The irregularly located AQ monitoring stations (cyan circles) and the weather grid centres (red ‘+’ symbols). Station named ‘Corte de Cortesi’ is marked as a red circle.).

Fig. 5
figure 5

Daily 2 m temperature time series (WE_temp_2m) from 2016 to 2021 for the monitoring station named ‘Corte De Cortesi’ (see red point in Fig. 4).

Emissions

This section describes the harmonisation process for the EM variables summarised in Table 9. The data about EM are from the CAMS datasets with a monthly temporal resolution and on a regular grid. As done for the WE variables, we performed a two-step transformation process to create daily emission time series. In the first step, we use the same IDW approach described for WE variables to compute emission values related to each monitoring station with monthly resolution. In the second step, we use spline interpolation techniques to convert the series to the same daily temporal resolution. To avoid oscillations, overshoots, edge effects and negative values, we use piecewise cubic Hermite interpolating polynomials (PCHIP)32. As discussed in more detail in the Technical validation Section, this method interpolates the data smoothly, while retaining the data’s shape and monotonicity.

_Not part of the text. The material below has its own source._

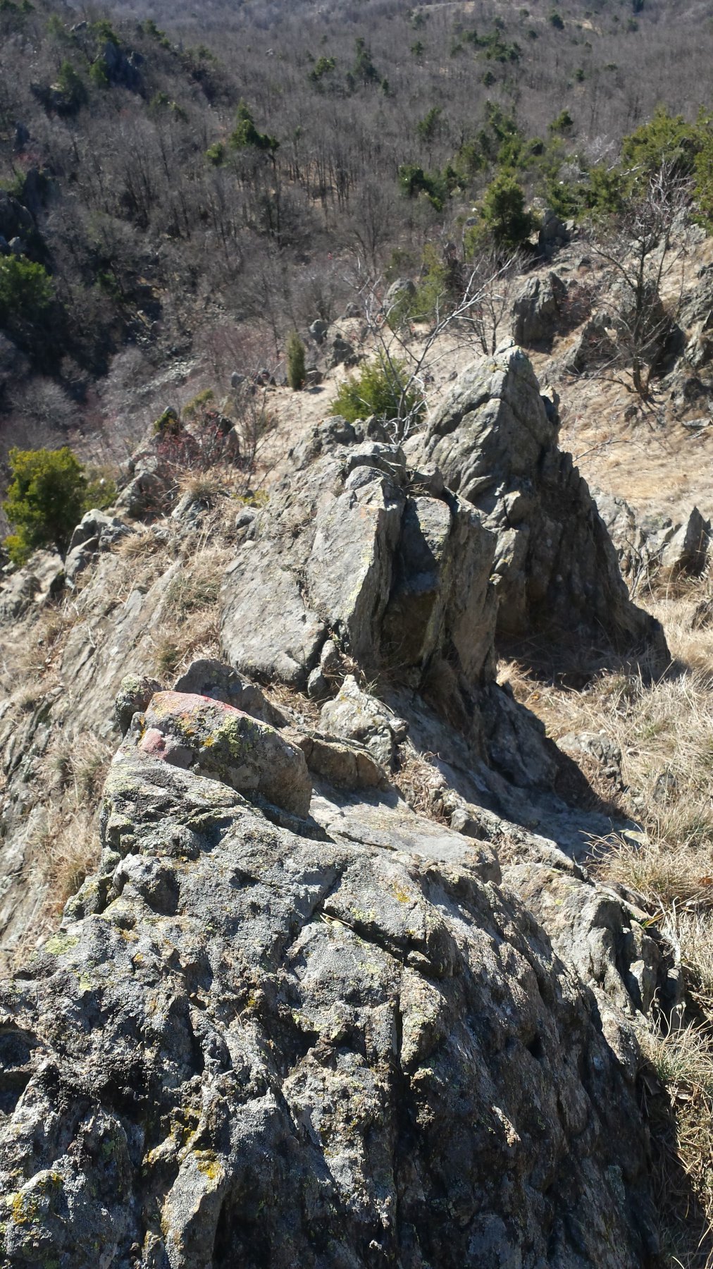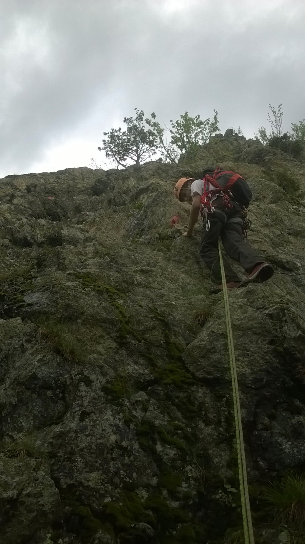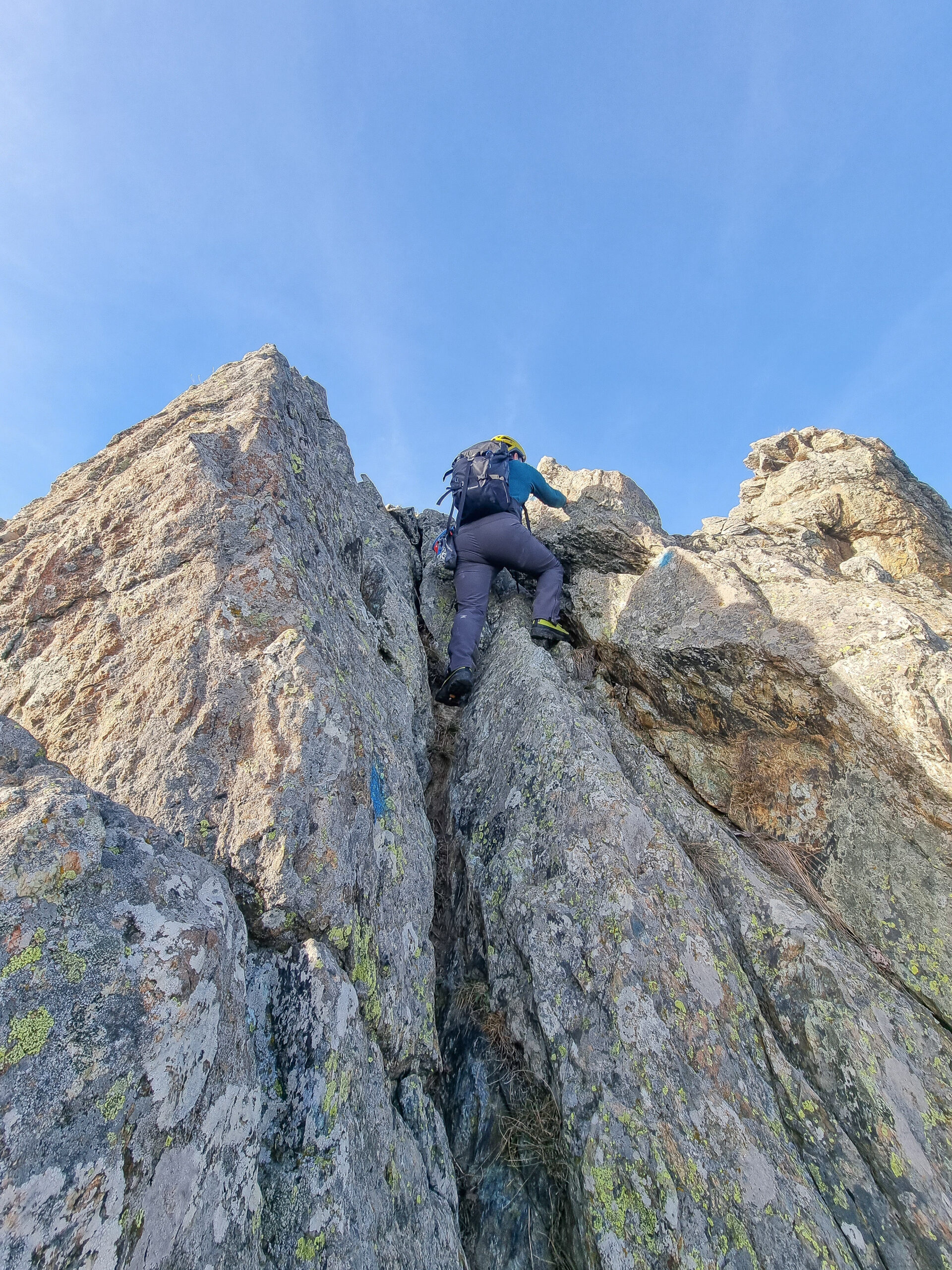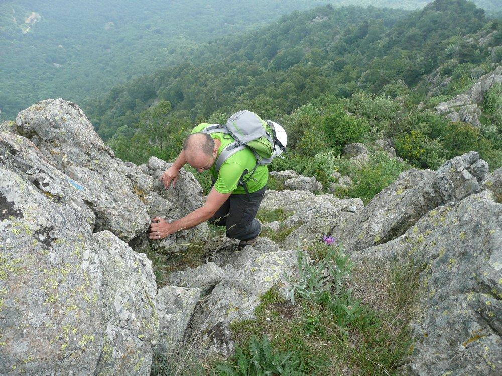 Si seguono le tacche rosse che indicano anche l’ubicazione di alcuni chiodi da usare in caso di cordata, specie nella parte bassa.

Table 9 Pollutant EM variables [mg/m2] present in the Agrimonia dataset with daily temporal resolution. For each EM variable we use IDW function as spatial transformation and PCHIP interpolation function to transform form monthly to daily temporal resolution. More detail on the transformation process can be found in the metadata file named ‘Metadata_Agrimonia.csv’ available with Agrimonia dataset6.

Livestock

In this section, we describe the harmonisation process for the LI variables summarised in Table 10. The data related to the livestock sector are retrieved from the BDN dataset, which provides the number of bovines and swine aggregated at the municipality level. The BDN dataset is updated every six months, in June and in December. As a result, for each municipality, a time series of 12 values are available. Each AQ station is associated with the time series of the municipality to which it belongs, see Fig. 6 for swine and bovines. Due to the particular municipality shape, the station named ‘Vallelaghi_T1191A’ is within a municipality whose centroid is outside of the considered augmented domain, therefore the value of the closest municipality in the area considered is taken.

Table 10 LI variables in the Agrimonia dataset with daily temporal resolution. Information on the number of swine and bovines is expressed as a density with respect to the municipal area: number/km2. More detail on the transformation process can be found in the metadata file named ‘Metadata_Agrimonia.csv’ available with Agrimonia dataset6.
Fig. 6
figure 6

Swine (left) and bovines (right) density over the augmented Lombardy region on 31 December 2021. The AQ stations (cyan circle) are spread randomly over the studied area. Each station is associated with the the municipality centroid to which it belongs (red start). Based on this, stations in the same municipality share the same municipality centroid so they have the same livestock time series.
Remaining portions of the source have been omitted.